[Opening Working data section]
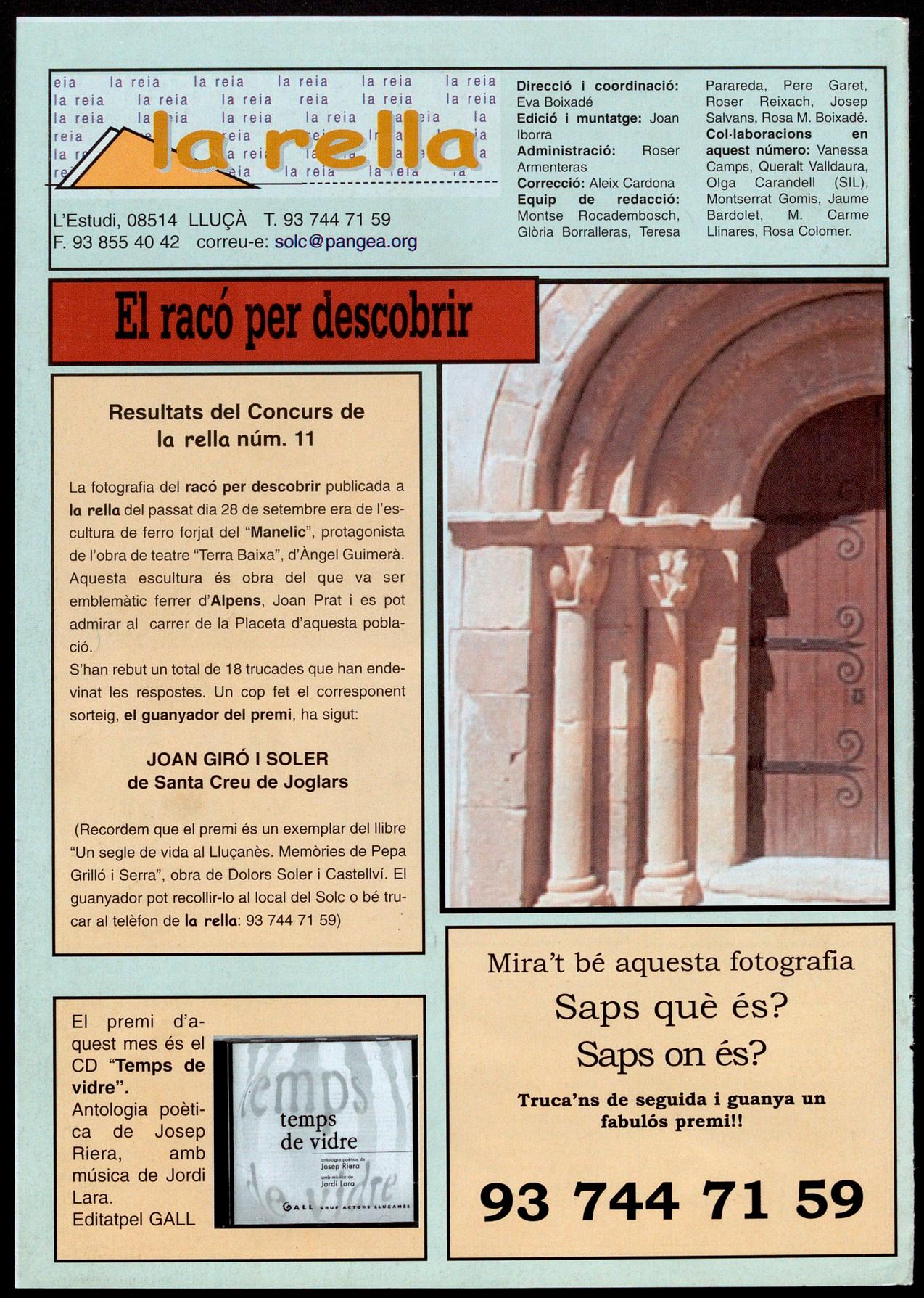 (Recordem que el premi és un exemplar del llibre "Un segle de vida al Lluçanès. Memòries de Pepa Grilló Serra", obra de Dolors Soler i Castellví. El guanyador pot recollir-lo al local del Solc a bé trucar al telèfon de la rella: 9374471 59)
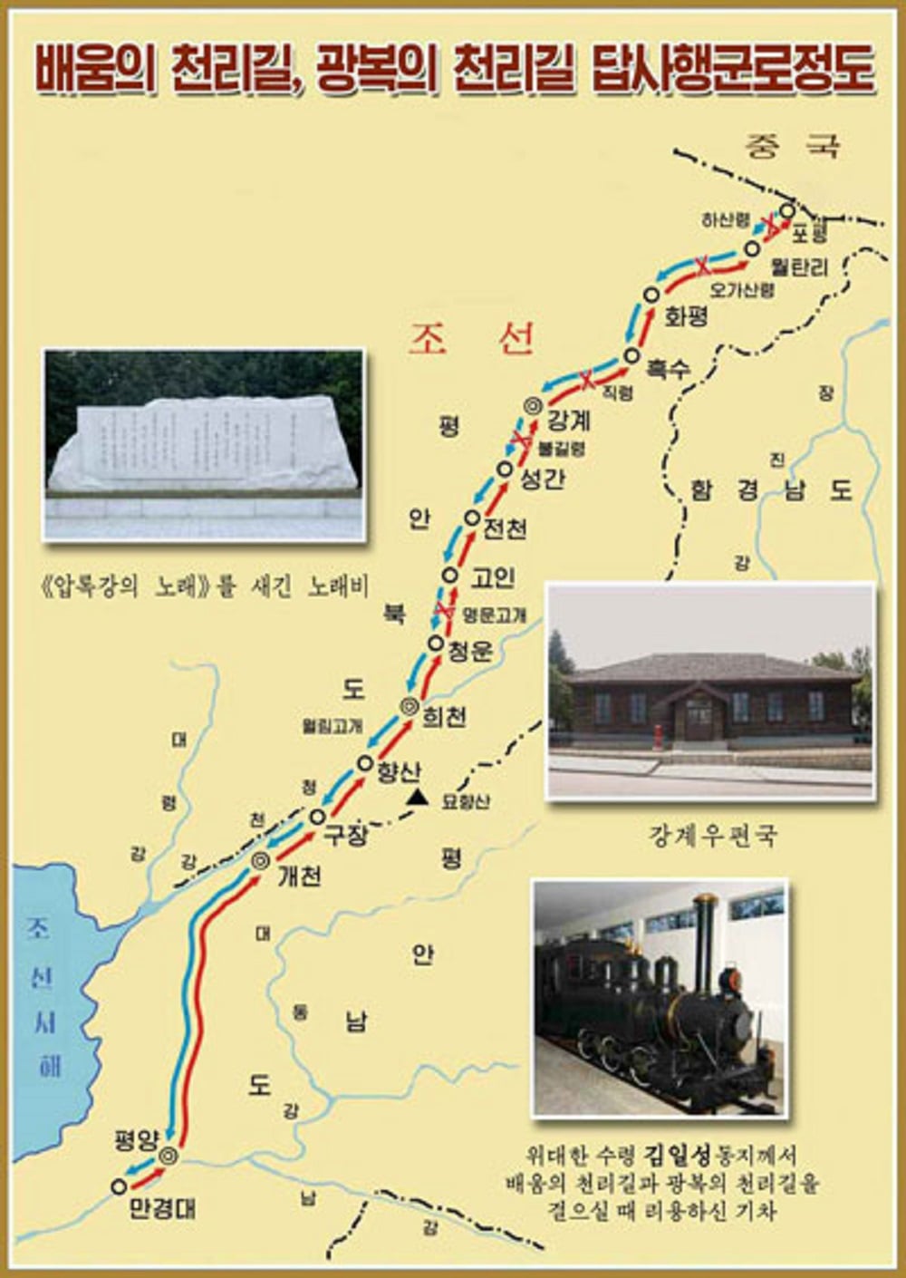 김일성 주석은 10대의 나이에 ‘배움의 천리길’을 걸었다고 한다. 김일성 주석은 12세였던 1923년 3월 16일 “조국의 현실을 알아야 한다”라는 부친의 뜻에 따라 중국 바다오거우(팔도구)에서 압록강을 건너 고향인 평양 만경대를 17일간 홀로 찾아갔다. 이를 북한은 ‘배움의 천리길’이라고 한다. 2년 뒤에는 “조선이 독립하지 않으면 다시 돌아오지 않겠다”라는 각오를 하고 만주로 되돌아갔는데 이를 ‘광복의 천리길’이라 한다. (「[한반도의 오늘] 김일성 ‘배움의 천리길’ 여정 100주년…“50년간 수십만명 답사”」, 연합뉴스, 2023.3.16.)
[Closing Working data section]
[Opening Working data section]
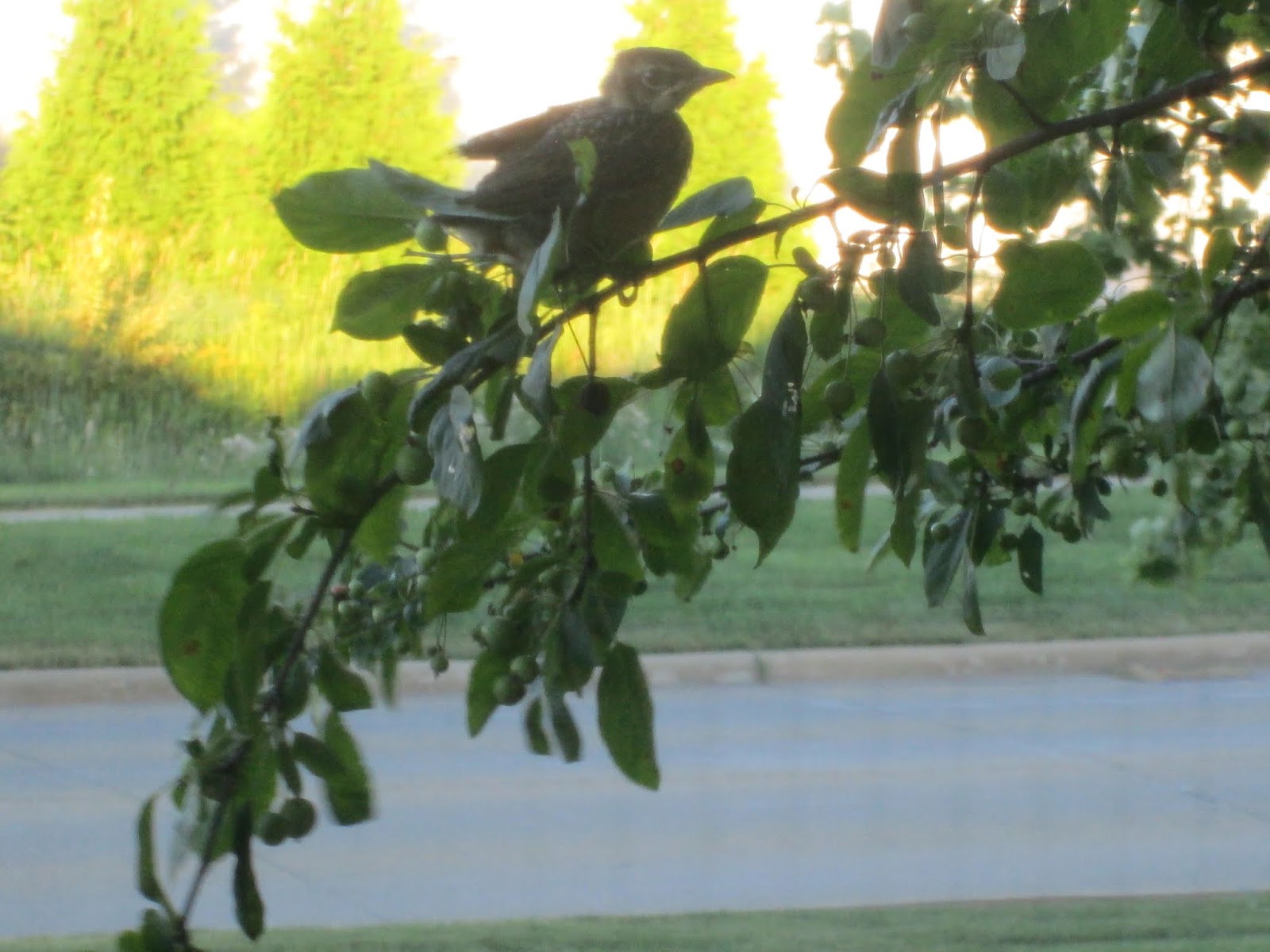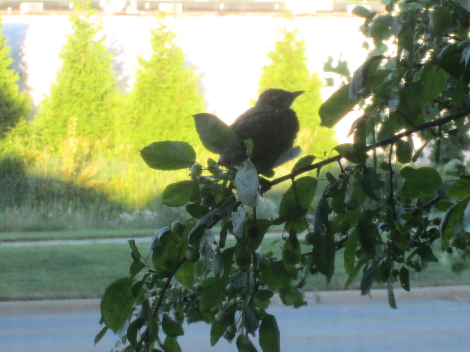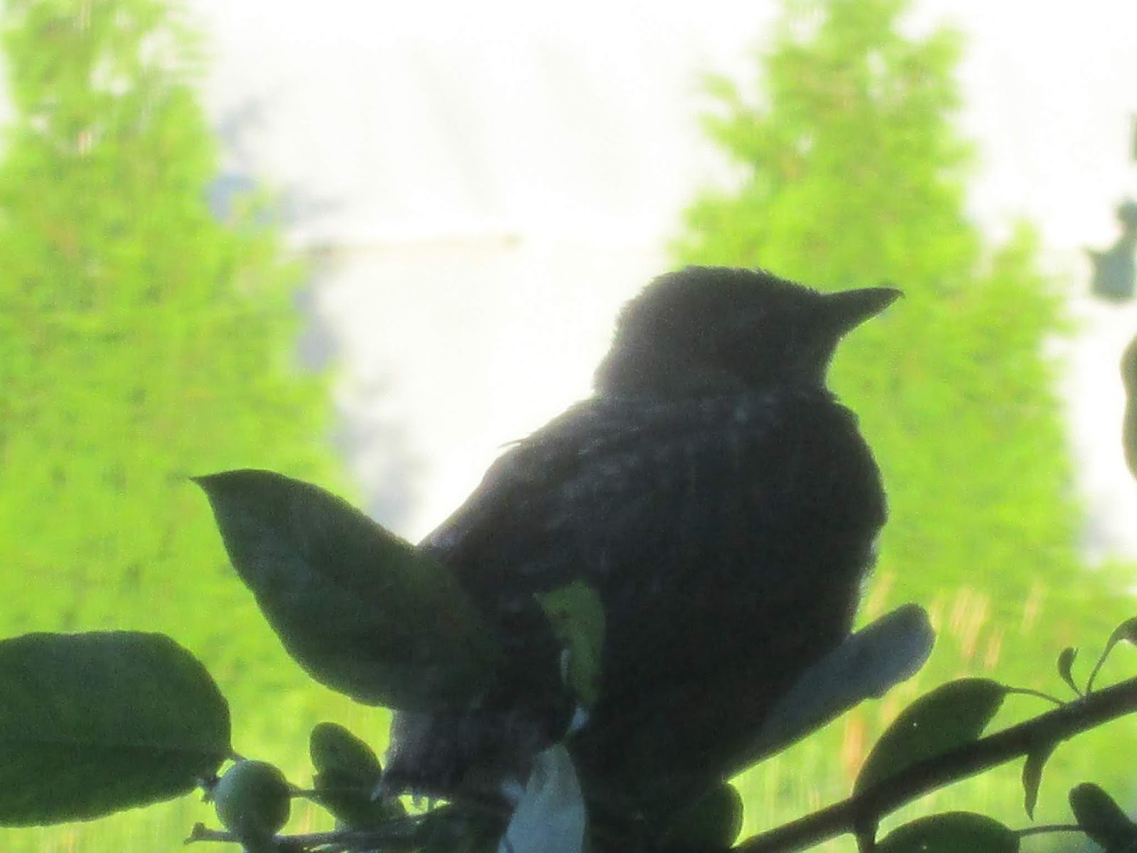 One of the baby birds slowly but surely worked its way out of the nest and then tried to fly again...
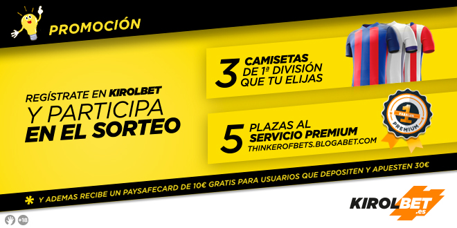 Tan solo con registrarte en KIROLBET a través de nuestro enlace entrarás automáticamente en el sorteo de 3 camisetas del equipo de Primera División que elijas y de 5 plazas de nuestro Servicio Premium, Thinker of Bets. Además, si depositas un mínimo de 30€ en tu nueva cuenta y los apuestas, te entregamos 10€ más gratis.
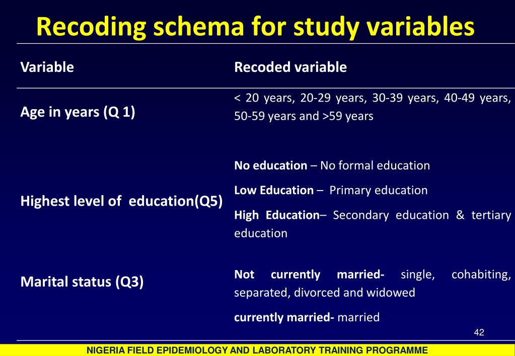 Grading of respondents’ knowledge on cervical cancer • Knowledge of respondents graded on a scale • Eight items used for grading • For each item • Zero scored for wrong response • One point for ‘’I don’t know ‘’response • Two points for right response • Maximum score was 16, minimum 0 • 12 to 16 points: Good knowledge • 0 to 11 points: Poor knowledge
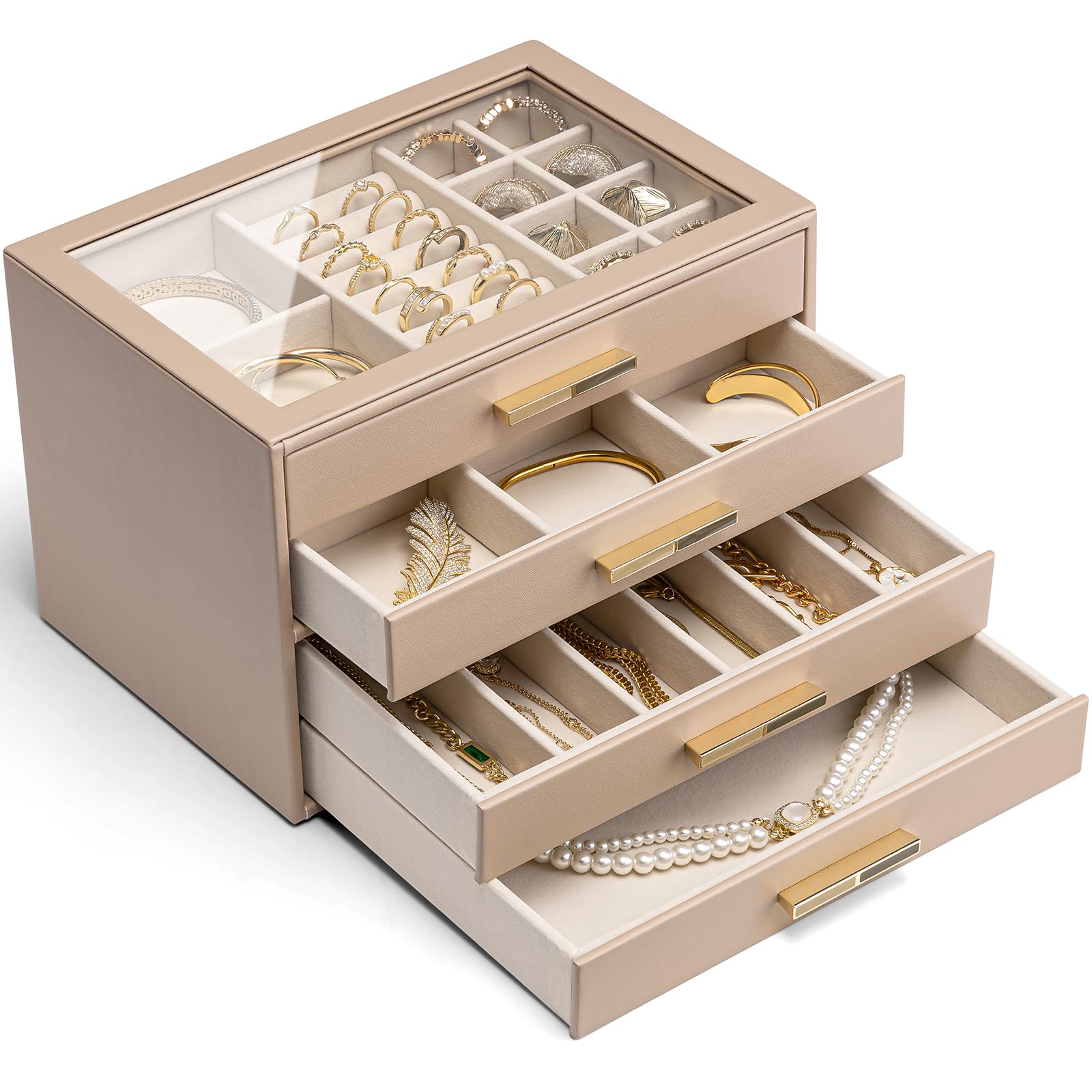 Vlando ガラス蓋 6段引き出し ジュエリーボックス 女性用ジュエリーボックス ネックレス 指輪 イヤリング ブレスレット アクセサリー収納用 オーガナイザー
[Closing Working data section]
▶ What to produce
Return exactly the stretch above whose first line contains "Grading of respondents’" and whose last line contains "Vlando ガラス蓋 6段引き出し", and nothing outside it. The pictures should not appear.

▶ Solution to the problem
 Grading of respondents’ knowledge on cervical cancer • Knowledge of respondents graded on a scale • Eight items used for grading • For each item • Zero scored for wrong response • One point for ‘’I don’t know ‘’response • Two points for right response • Maximum score was 16, minimum 0 • 12 to 16 points: Good knowledge • 0 to 11 points: Poor knowledge
 Vlando ガラス蓋 6段引き出し ジュエリーボックス 女性用ジュエリーボックス ネックレス 指輪 イヤリング ブレスレット アクセサリー収納用 オーガナイザー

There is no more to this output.